Member of Legislative Council of Hong Kong
- In office 1 October 1991 – December 1994
- Succeeded by: Lee Cheuk-yan
- In office 1 October 1995 – 30 June 1997
- Preceded by: Lee Cheuk-yan
- Succeeded by: Replaced by Provisional Legislative Council
- In office 1 July 1998 – 30 September 2008
- Preceded by: New legislature
- Succeeded by: Raymond Wong Yuk-man

Personal details
- Born: September 12, 1944 (age 81) Guangzhou, Guangdong
- Party: Hong Kong Confederation of Trade Unions (1990–2004) Democratic Party (1994–2000) United Democrats of Hong Kong (1990–1994)

= Lau Chin-shek =

Lau Chin-shek (born 12 September 1944) was the President of the Hong Kong Confederation of Trade Unions and a member of the Legislative Council from 1991 to 2008.

==Background==
Lau was born in Guangzhou, Guangdong with family root in Shunde, Guangdong. He smuggled from Guangzhou to Hong Kong in 1960. Since the 1980s, he has been a labour activist, working to help factory workers in Sham Shui Po and Cheung Sha Wan, where working conditions were poor.

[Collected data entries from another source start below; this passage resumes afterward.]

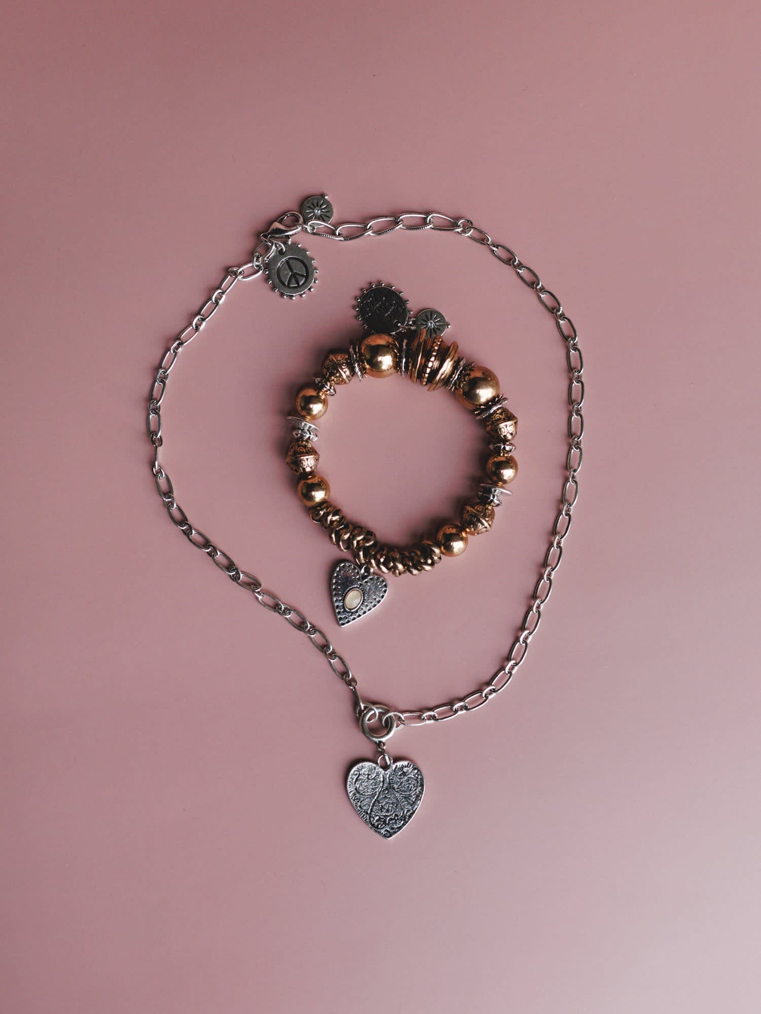 Give your everyday look a golden glow with this timeless, charm-packed jewelry duo. The Heart of Gold Bundle brings vintage spirit and heartfelt detail to the forefront—perfect for gifting or treating yourself.
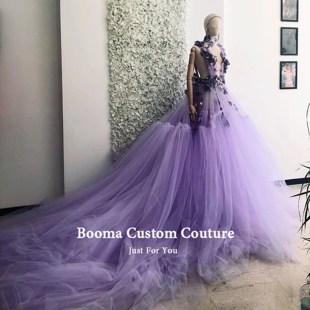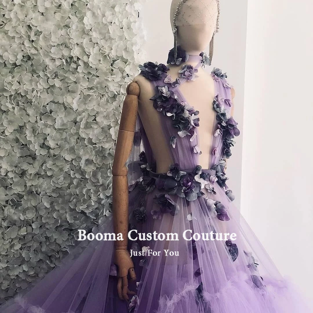 Женское прозрачное вечернее платье Booma, фиолетовое Тюлевое платье-трапеция с глубоким V-образным вырезом и цветами, длинное свадебное платье для выпускного вечера
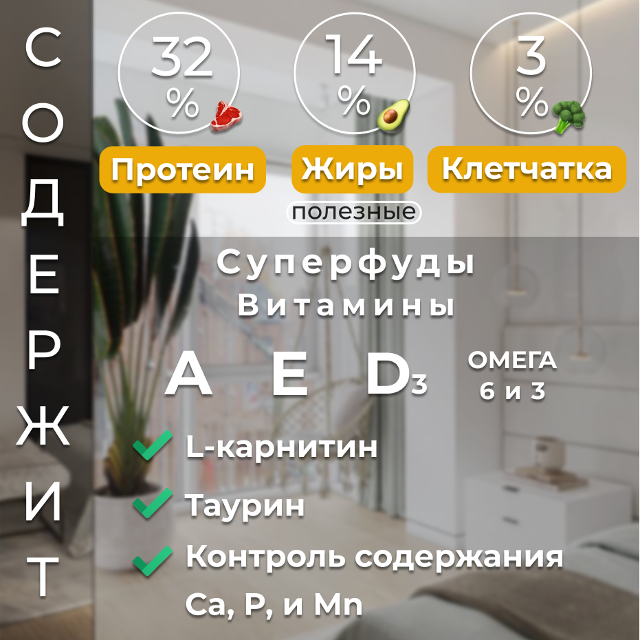 | Дополнительная информация | не содержит: кукурузу, пшеницу, свеклу, горох, субпродукты, яйца, курицу, куриный жир, соль, сахар, красители, ароматизаторы, сою и гмо |
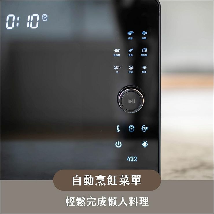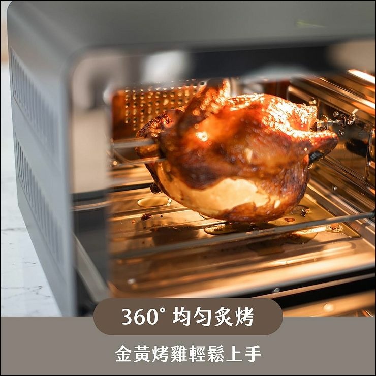 可容納一隻全雞進行360°炙烤,9種預設自動烹飪菜單,一鍵變大廚,省時省力,廚藝大躍進~
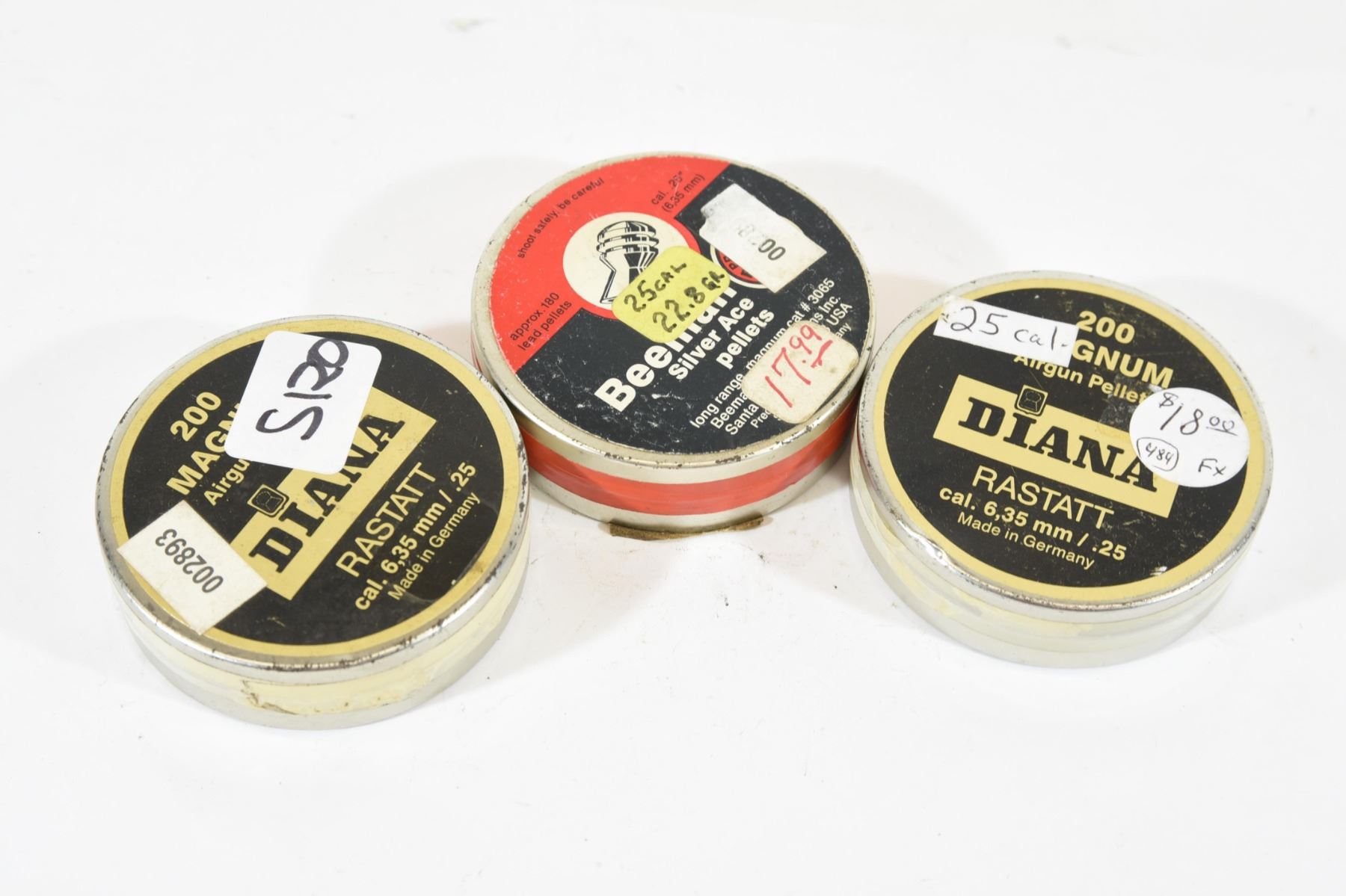 Two 200-piece tins of Diana 25cal pellets. One 180-piece tin of Beeman 25cal pellets.

During the Tiananmen Square protests of 1989, Lau and other pro-democracy activists expressed sympathy and support to the student demonstrators who had gathered at Tiananmen Square. He and others also founded the Hong Kong Alliance in Support of Patriotic Democratic Movements of China, which organises the anniversary commemoration of the 1989 protests.

In 1990, Lau and other labour activists, including Lee Cheuk-yan, established the 160,000-strong Hong Kong Confederation of Trade Unions. He was also vice-chairman of the Hong Kong Christian Industrial Committee.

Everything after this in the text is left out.